With this boilerplate, you can already publish your package on PyPI or set up ReadTheDocs page. You can find more information on the cookiecutter-pypackage tutorial website.

Advantages of using cookiecutter

One interesting side-effect of using cookiecutters is that they will usually try to provide some additional tools that their authors think will help you in the development process. Stable and reliable tools that many other Python programmers are using, not a new, shiny toys published yesterday on “Show HackerNews”.

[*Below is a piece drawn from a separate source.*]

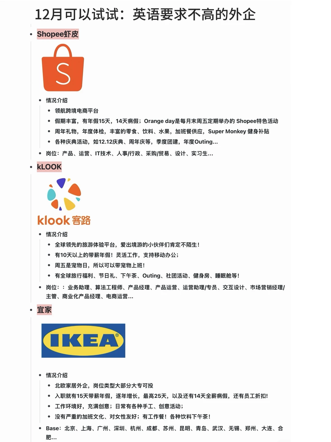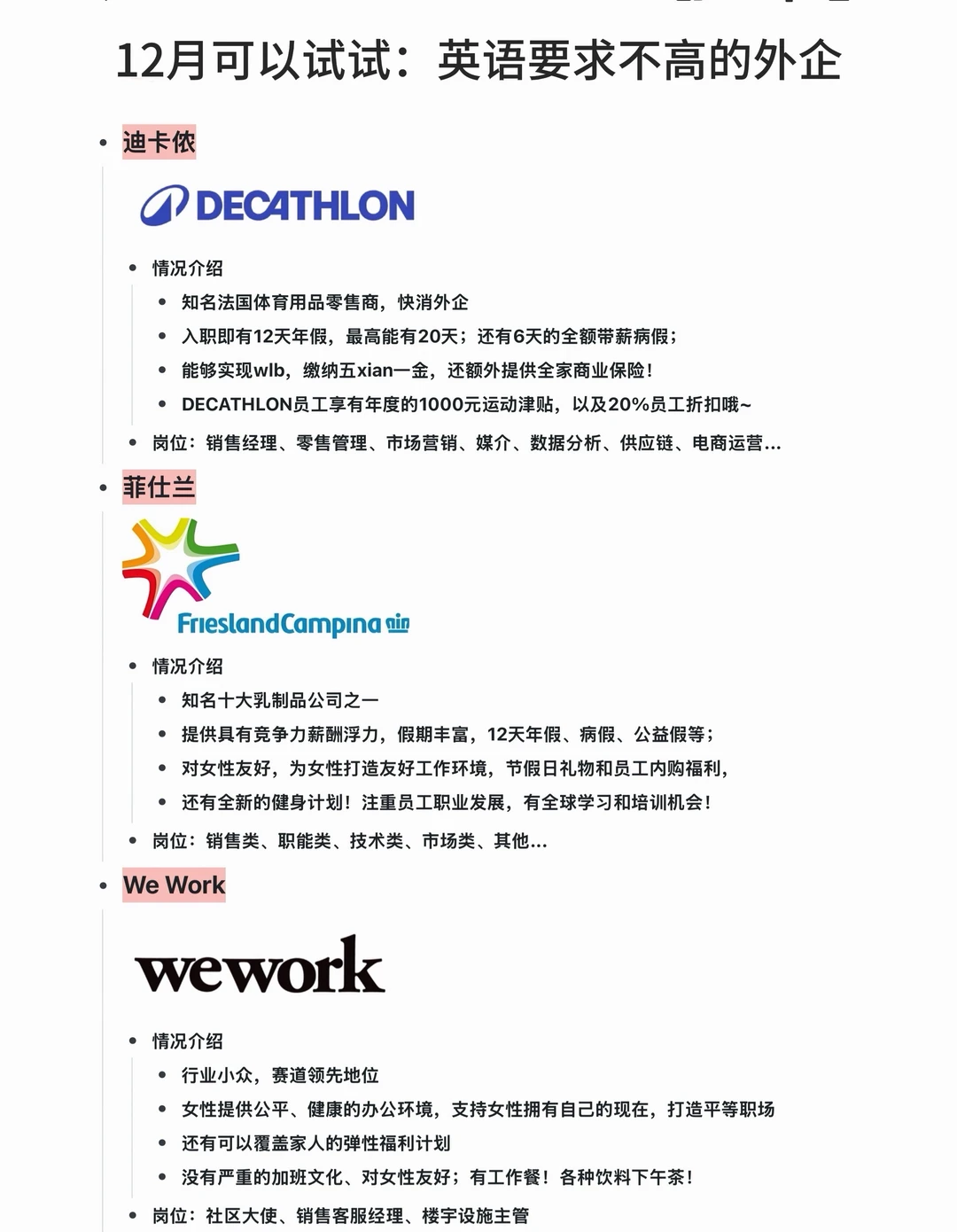 不要再因为“英语不行”就不敢投外企了,这篇笔记盘点了一批对英语超友好的神仙外企,12月很多外企都在这个时候集中补录,可以存一下 . 英语要求低的外企是存在的 ✔️面试可以全程中文,不考你即时口语 ✔️外企年假长,基本上是12天起步的 ✔️对女性友好,注重wlb,工作氛围轻松 . 坚持日更✊🏻,帮大家在找工作路上顺利拿到offer! .

The cookiecutter-pypackage installed tox (to run your tests under different Python versions) and Sphinx (for documentation) - tools that you would probably want to use when writing a Python library.

Some templates will be more opinionated (and install more tools), some will be more “bare-bone”. In the end, it’s up to you to choose what you want to use in your project.

I suggest that you select a template that feels the most appropriate for your project (whether it’s a Flask or Django application or a Python module) and remove what you don’t need.